### Task objective
Beginning with the line that contains "Armoire de tête", copy each subsequent line of the data below through the last one, including both ends but not the pictures.

▶

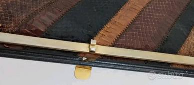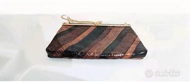 Borsa vintage in vera pelle, risalente agli anni '60. Un accessorio unico con un design a righe in diverse tonalità di marrone e nero con una tracolla dorata
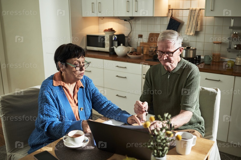 Пожилая пара использует ноутбук на кухне
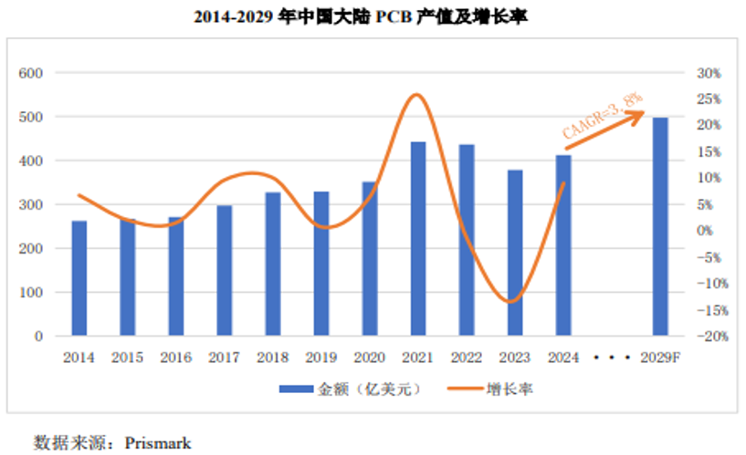 行业需求持续爆发,高端PCB国产替代加速。全球PCB市场规模稳步扩容,根据 Prismark数据,2024年全球PCB市场产值达735.65亿美元,预计将以5.20%的年复合增长率稳步提升,到2029年达到946.61亿美元。而作为全球 PCB 制造中心,中国大陆的PCB市场产值预计将在2029年达至497.04亿美元,为公司业务发展提供广阔空间。
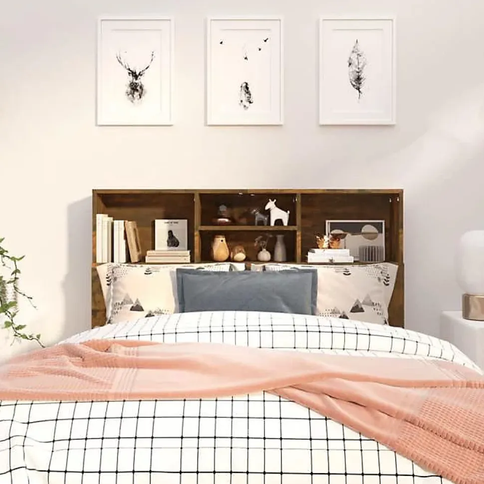 Armoire de tête de lit en chêne fumé massif, dimensions 120 x 19 x 103,5 cm, avec 4 compartiments. Design élégant, finition soignée, idéale pour chambre à coucher contemporaine. Livraison offerte, assemblage requis.
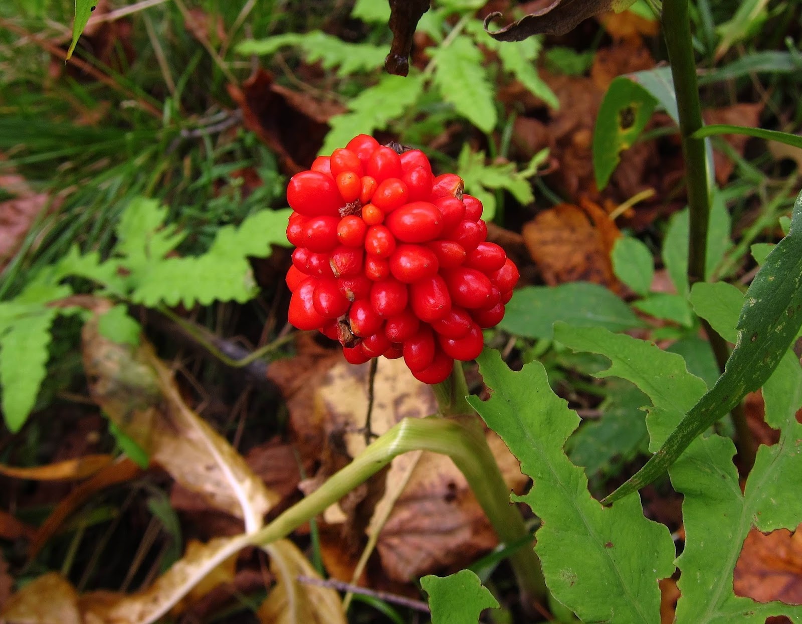 Nearby, near the water's edge, a cluster of brilliant red Jack-in-the- Pulpit fruits was easy to spot from the trail many yards away.

◀

### Your solution
 Armoire de tête de lit en chêne fumé massif, dimensions 120 x 19 x 103,5 cm, avec 4 compartiments. Design élégant, finition soignée, idéale pour chambre à coucher contemporaine. Livraison offerte, assemblage requis.
 Nearby, near the water's edge, a cluster of brilliant red Jack-in-the- Pulpit fruits was easy to spot from the trail many yards away.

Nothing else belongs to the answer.